• Reflex: October 3, 2011

    With a greater share of workers in high deductible health plans, small businesses had lower premium growth than larger firms, reports Rob Mandelbaum (NYT). “[T]he average premium to insure a family of four grew 9 percent, to just over $15,073. For single coverage, premiums rose 8 percent, to $5,429. But for small firms […] premiums rose only 6 percent for family plans, to $14,098. For single coverage, the average cost at small companies was $5,326, again up about 6 percent.” The difference is due, in part, to a greater proportion of enrollment in high deductible plans and in plans with less generous benefits. Austin’s comment: This is what one would expect if the proportion of enrollment in plans with less generous coverage is growing. This is not what one would expect once the distribution of enrollment by generosity and deductible level stabilizes. That’s a counter-intuitive statement I will allude to again later today and explain in detail tomorrow.

    Richard Wolf (USA Today) summarizes five broad ways to address Medicare’s troubled finances. “(1) Target ‘rich people’ […] (2) Give beneficiaries skin in the game […] (3) Raise the eligibility age […] (4) Reduce providers’ profit margins […] (5) Root out waste and inefficiency.” Austin’s comment: Overlooked is the role that private prices, particularly for hospital services, play in our health system, mediated by market power. Medicare payments are “low” only in the sense that they are below private payments. Broadening the policy focus to the entire system may, paradoxically, help resolve Medicare’s financing issues.

    • -Re – Richard Wolf:

      Is your claim here that imposing Medicare’s price schedule would neutralize the market power of providers (by making it impossible for them to demand higher prices) and thereby put caps on provider driven cost growth across the entire system?

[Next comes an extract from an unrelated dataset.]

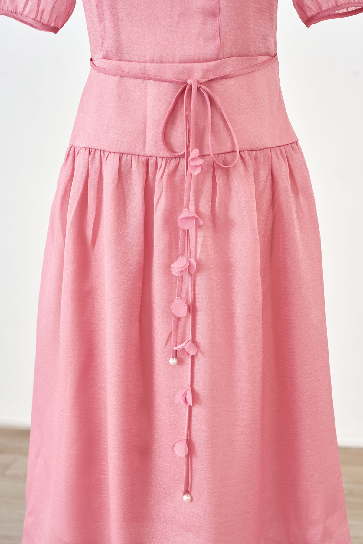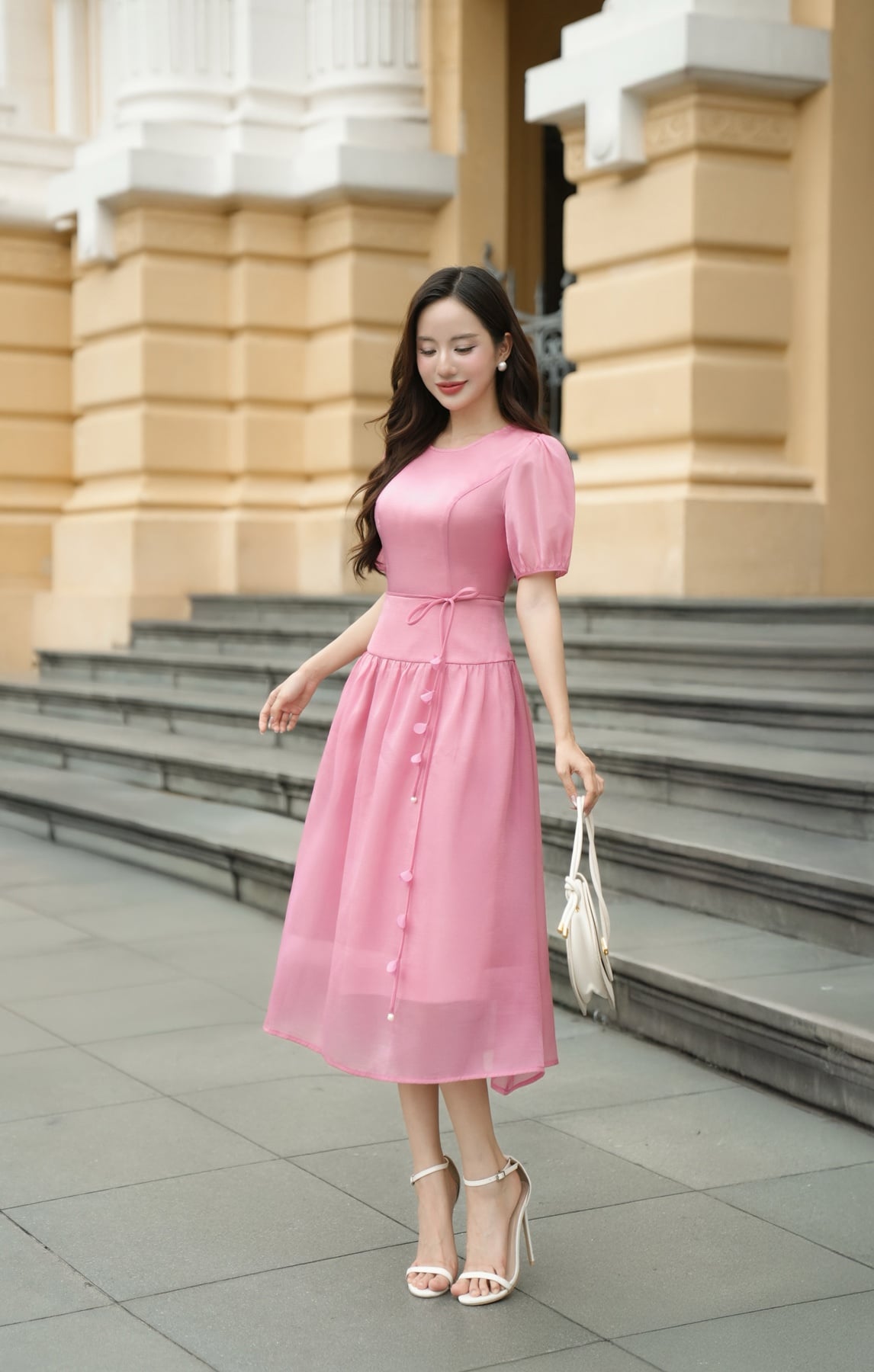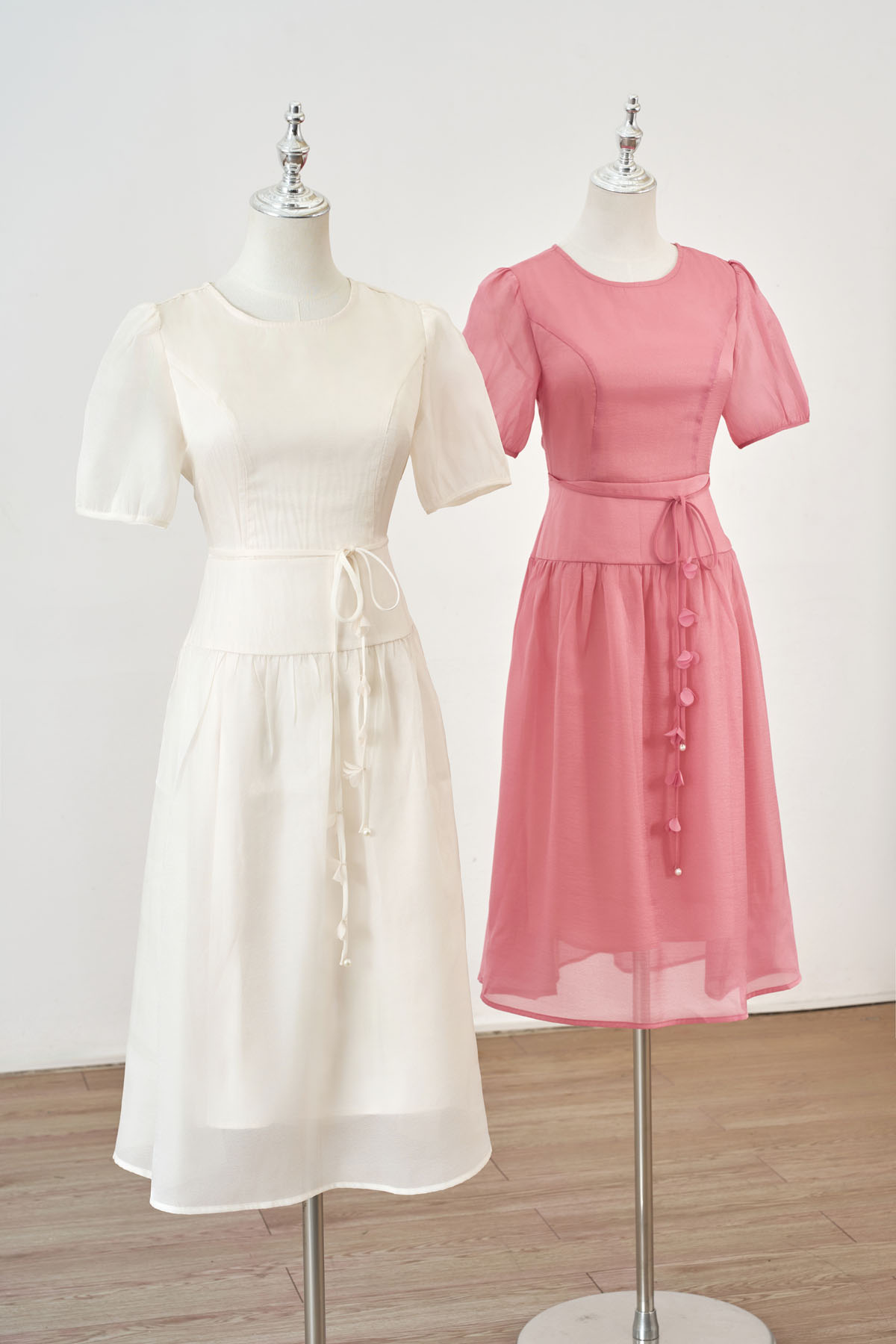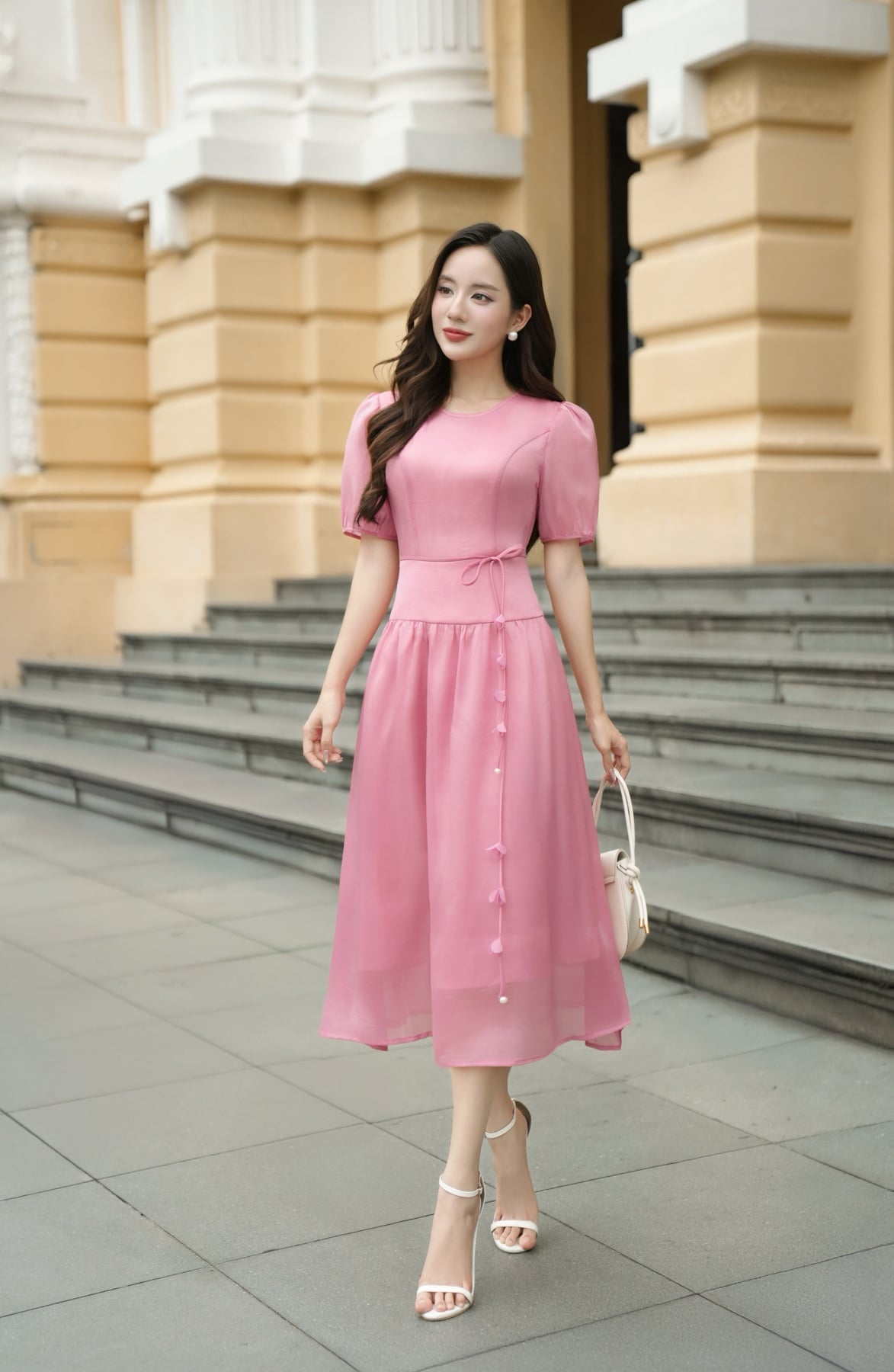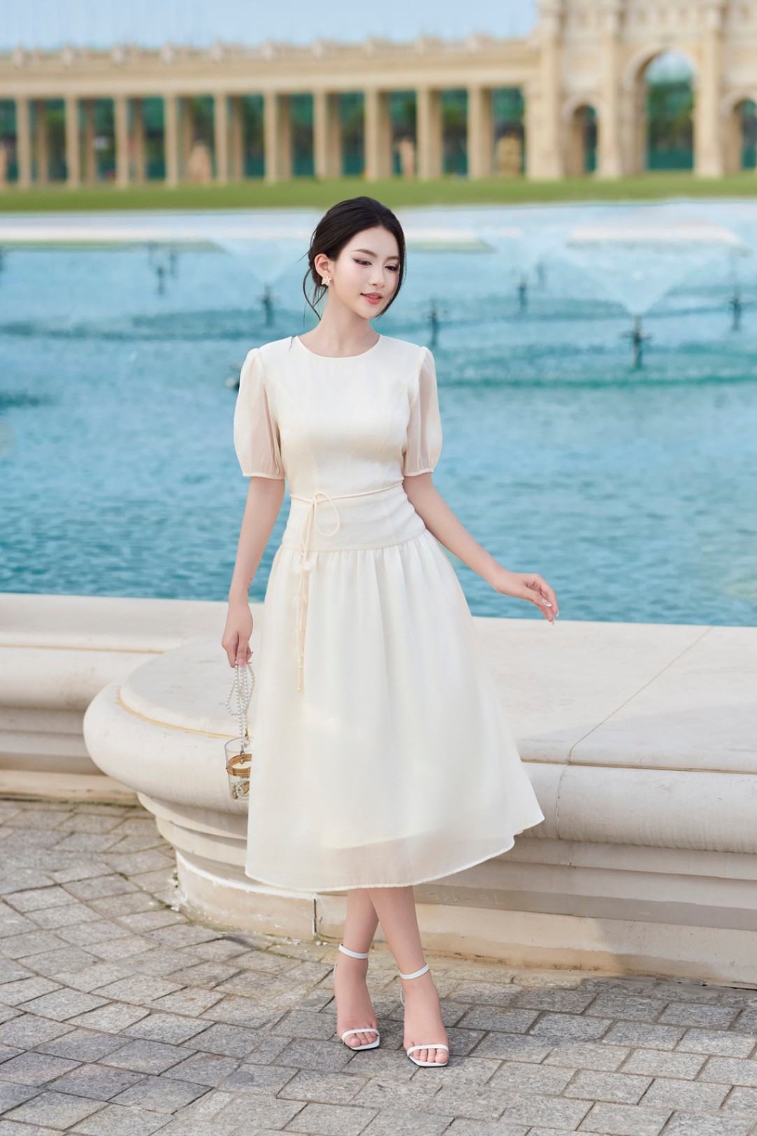 Đầm nhún xòe buộc nơ eo : L63L25H054

      If private hospitals can capture rents because the market isn’t competitive enough, it’s not clear that eliminating price competition will lead to superior supply-demand coordination relative to simply eliminating barriers to competition at the patient and payor (insurance group) level.*

      *Kantorovich has finally conquered the knowledge problem? Not sure what to make of this argument otherwise.

    • Has anyone actually taken a disaggregated look at which procedures and/or patients make and lose money for hospitals in each of the high, medium, and low pricing power brackets that you reference in the link to your previous post on pricing power?

      Are they the same kind of hospitals, that are equally likely to care for the same kind of patients (Level I, II, II etc)? It seems like the kind of care they’re providing, in the aggregate, could have an impact on the extent to which they lose money on Medicare patients.

      Does the literature that you referenced account for any of these factors?